*Directions*. Transcribe every entry that follows, word for word, and omit the images.

####

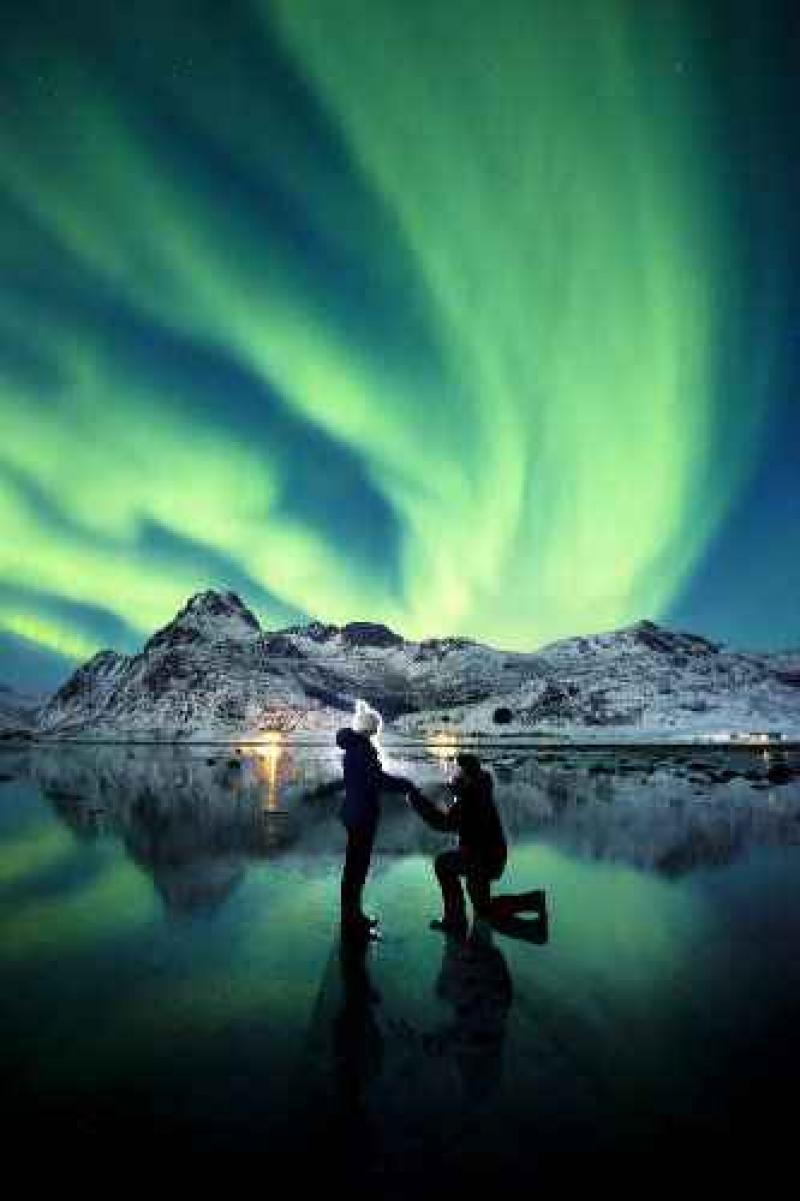 Maanden na de eerste poging ging het koppel nog eens op vakantie naar Scandinavië. Wanneer de fotograaf zijn materiaal had klaargemaakt voor een foto, knielde hij onverwachts. De huwelijksfoto gaat nu de hele wereld rond.
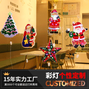 led圣诞老人麋鹿吸盘灯房间橱窗装饰雪人圣诞树五角...
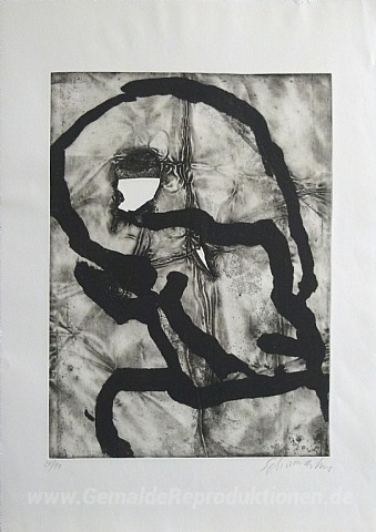 Wir bieten Ihnen eine handgefertigte Reproduktion auf Leinwand des berühmten Kunstwerks 'Hommage à Picasso' von Emil Schumacher, aus dem Reproduktionsmuseum.
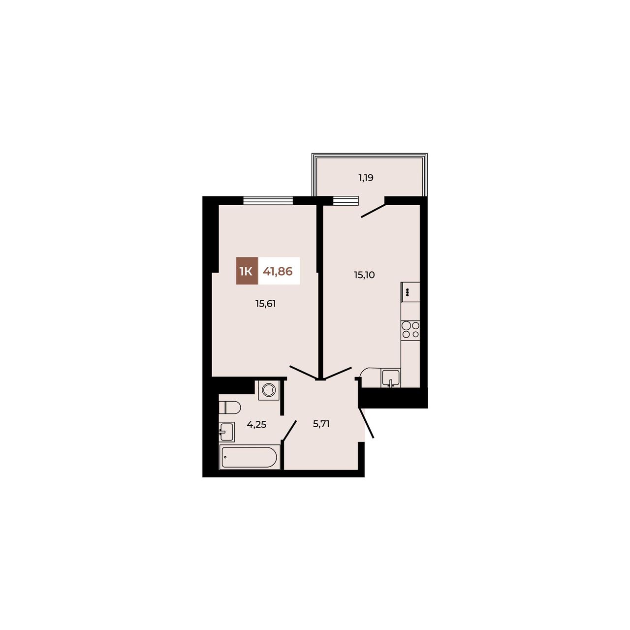 1-комнатная — 41,86 м² 2/8 эт. в Соседи
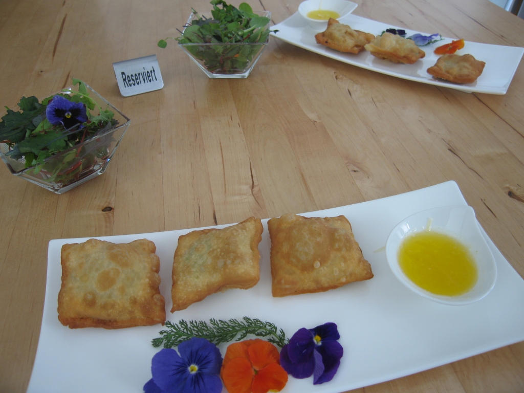 Nun, das Internet klärt auf. Barbajuans sind das Nationalgericht der Monegassen, jedes Jahr pünktlich verspeist zum 19. November. Barbajuans bedeutet „Onkel Johann“ auf monegassisch – ja auch das ist wie das Provencialische eine eigene Sprache, die im Strudel der französischen Geschichte zur Bedeutungslosigkeit herabgesunken ist. Die Barbajuans werden nicht mit Reis gemacht, wie das schon ein Stückchen weiter im Nachbarort Menton geschieht. Aber dafür mit Erdäpfeln? Dann wären sie immer noch in der High Carb Kategorie. Aber Alain Ducasses Sommer-Barbajuans beinhalten weder Reis noch Kartoffeln. Somit können wir sie gut und gern als Nearly Low Carb einstufen, nearly weil ja doch noch der Teig einen gewissen Anteil an Kohlenhydraten beisteuert. Barbajuans oder Ravioli sind nun mal kein LowCarb Food. Geschmeckt haben sie aber vorzüglich. Danke Onkel Hans, wer auch immer du bist oder warst.
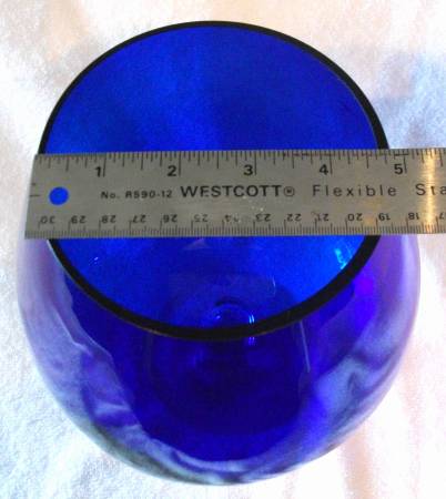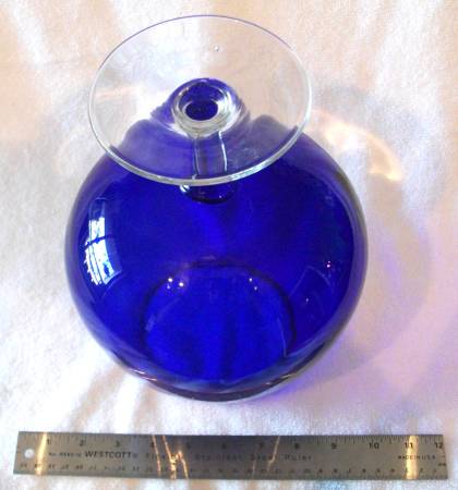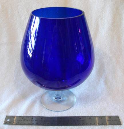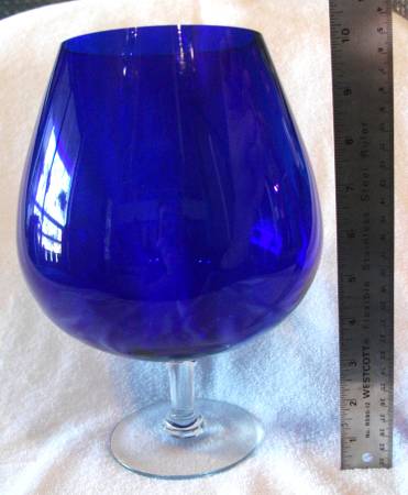 Bought this wonderfully huge Vintage Cobalt Blue Brandy Snifter. Saved on refilling trips… (JOKING). No….really, found at an antique shop about 20+ years ago. Was part of my extensive blue glass collecting phase. Would be a great centre-piece with flowers, filled with candy, or used to actually “sip” brandy. Size: 10.5” Tall with 4.75” tapered opening. Condition: Have a few minor air-bubbles and flaws. PLEASE NOTE: Thank you for looking at my post. I check my emails 1-2 times daily, but may be delayed due to my disabilities, which require me to visit hospital. The exchange must be in-person, with cash, at pre-arranged pick-up at my location. If your out of the area, please have family, friend, or arrange courier service to pick-up on your behalf. Hope to hear from you soon.
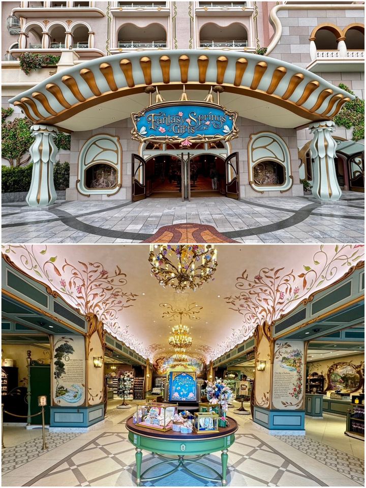 「東京ディズニーシー・ファンタジースプリングスホテル」の1階に位置し、パーク側に入口があるギフトショップ「ファンタジースプリングス・ギフト」。魔法の泉の物語の魅力が感じられるファンタジースプリングス内唯一のショップです。
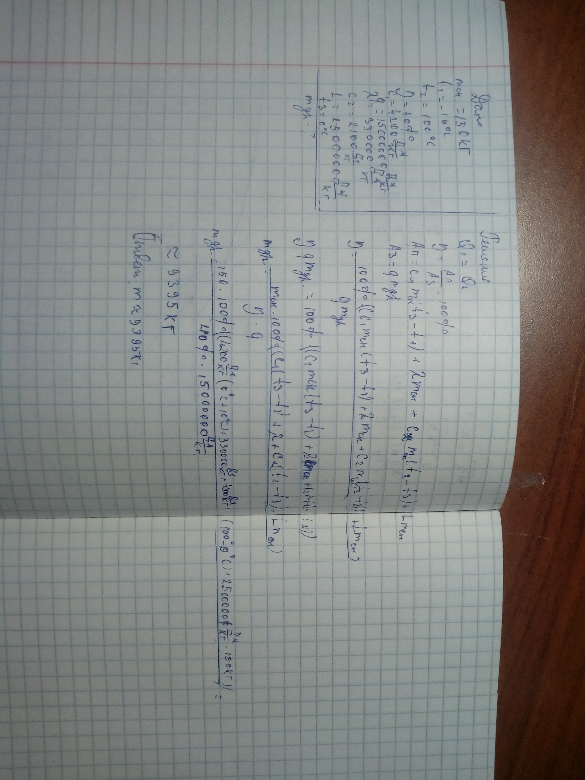 Q общее=Q1+Qплав+Q2+Qпарообр.=сlml*10+λl*ml+ml*cв*100+L*mв=
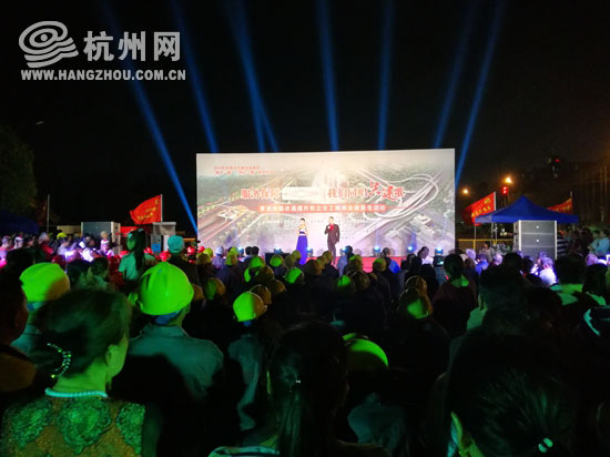 晚会现场,施工单位和沿线居民共唱共建歌
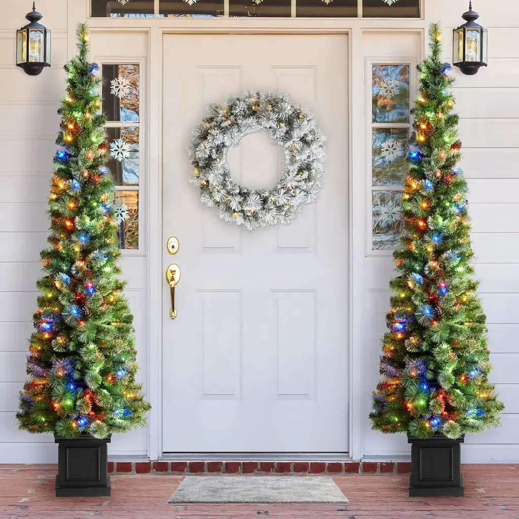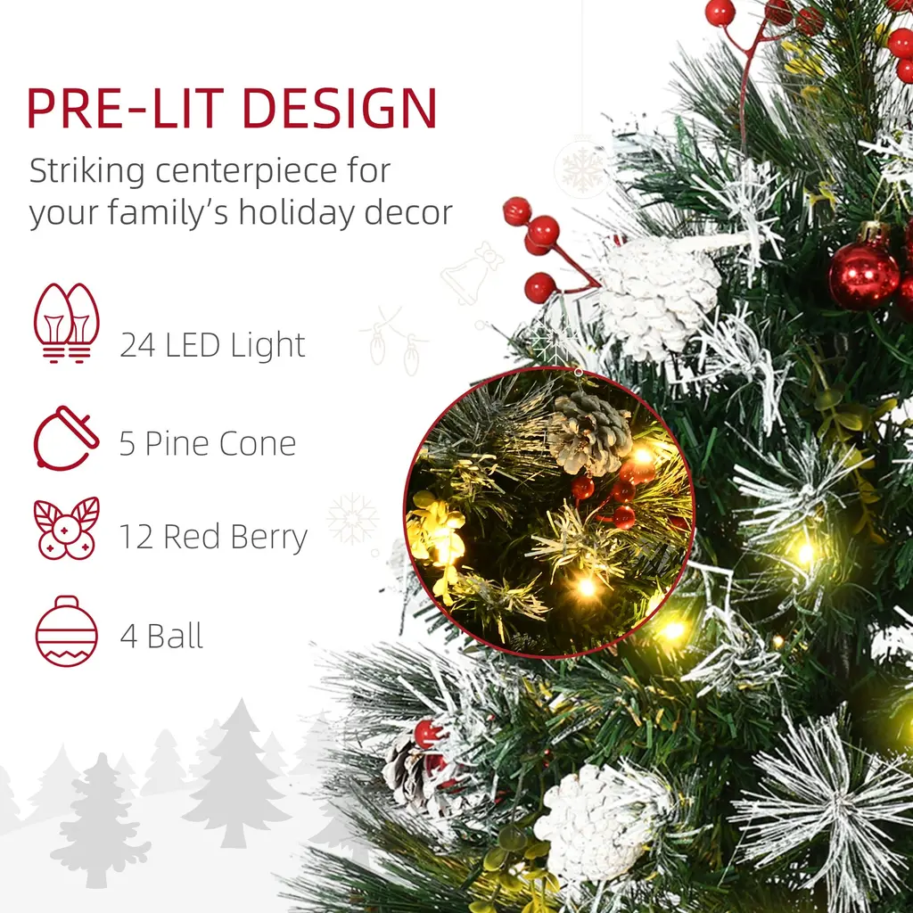 2.5 Ft/30" 2 Pack Outdoor Entryway Xmas Tree Cordless With 70 Branches, Warm Led Lights, Red Berries, Pine Cones, Balls, Green - Green
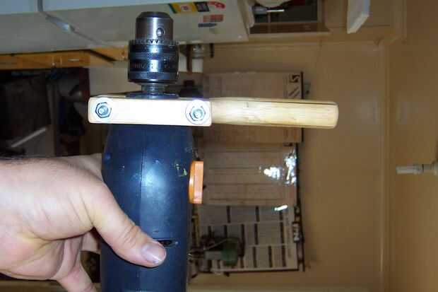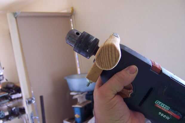 Medir dos trozos de madera, uno un poco más largo que el mango y otra un poco más largo que el taladro se encarga de "punto de montaje".

####

*Result*.
 Maanden na de eerste poging ging het koppel nog eens op vakantie naar Scandinavië. Wanneer de fotograaf zijn materiaal had klaargemaakt voor een foto, knielde hij onverwachts. De huwelijksfoto gaat nu de hele wereld rond.
 led圣诞老人麋鹿吸盘灯房间橱窗装饰雪人圣诞树五角...
 Wir bieten Ihnen eine handgefertigte Reproduktion auf Leinwand des berühmten Kunstwerks 'Hommage à Picasso' von Emil Schumacher, aus dem Reproduktionsmuseum.
 1-комнатная — 41,86 м² 2/8 эт. в Соседи
 Nun, das Internet klärt auf. Barbajuans sind das Nationalgericht der Monegassen, jedes Jahr pünktlich verspeist zum 19. November. Barbajuans bedeutet „Onkel Johann“ auf monegassisch – ja auch das ist wie das Provencialische eine eigene Sprache, die im Strudel der französischen Geschichte zur Bedeutungslosigkeit herabgesunken ist. Die Barbajuans werden nicht mit Reis gemacht, wie das schon ein Stückchen weiter im Nachbarort Menton geschieht. Aber dafür mit Erdäpfeln? Dann wären sie immer noch in der High Carb Kategorie. Aber Alain Ducasses Sommer-Barbajuans beinhalten weder Reis noch Kartoffeln. Somit können wir sie gut und gern als Nearly Low Carb einstufen, nearly weil ja doch noch der Teig einen gewissen Anteil an Kohlenhydraten beisteuert. Barbajuans oder Ravioli sind nun mal kein LowCarb Food. Geschmeckt haben sie aber vorzüglich. Danke Onkel Hans, wer auch immer du bist oder warst.
 Bought this wonderfully huge Vintage Cobalt Blue Brandy Snifter. Saved on refilling trips… (JOKING). No….really, found at an antique shop about 20+ years ago. Was part of my extensive blue glass collecting phase. Would be a great centre-piece with flowers, filled with candy, or used to actually “sip” brandy. Size: 10.5” Tall with 4.75” tapered opening. Condition: Have a few minor air-bubbles and flaws. PLEASE NOTE: Thank you for looking at my post. I check my emails 1-2 times daily, but may be delayed due to my disabilities, which require me to visit hospital. The exchange must be in-person, with cash, at pre-arranged pick-up at my location. If your out of the area, please have family, friend, or arrange courier service to pick-up on your behalf. Hope to hear from you soon.
 「東京ディズニーシー・ファンタジースプリングスホテル」の1階に位置し、パーク側に入口があるギフトショップ「ファンタジースプリングス・ギフト」。魔法の泉の物語の魅力が感じられるファンタジースプリングス内唯一のショップです。
 Q общее=Q1+Qплав+Q2+Qпарообр.=сlml*10+λl*ml+ml*cв*100+L*mв=
 晚会现场,施工单位和沿线居民共唱共建歌
 2.5 Ft/30" 2 Pack Outdoor Entryway Xmas Tree Cordless With 70 Branches, Warm Led Lights, Red Berries, Pine Cones, Balls, Green - Green
 Medir dos trozos de madera, uno un poco más largo que el mango y otra un poco más largo que el taladro se encarga de "punto de montaje".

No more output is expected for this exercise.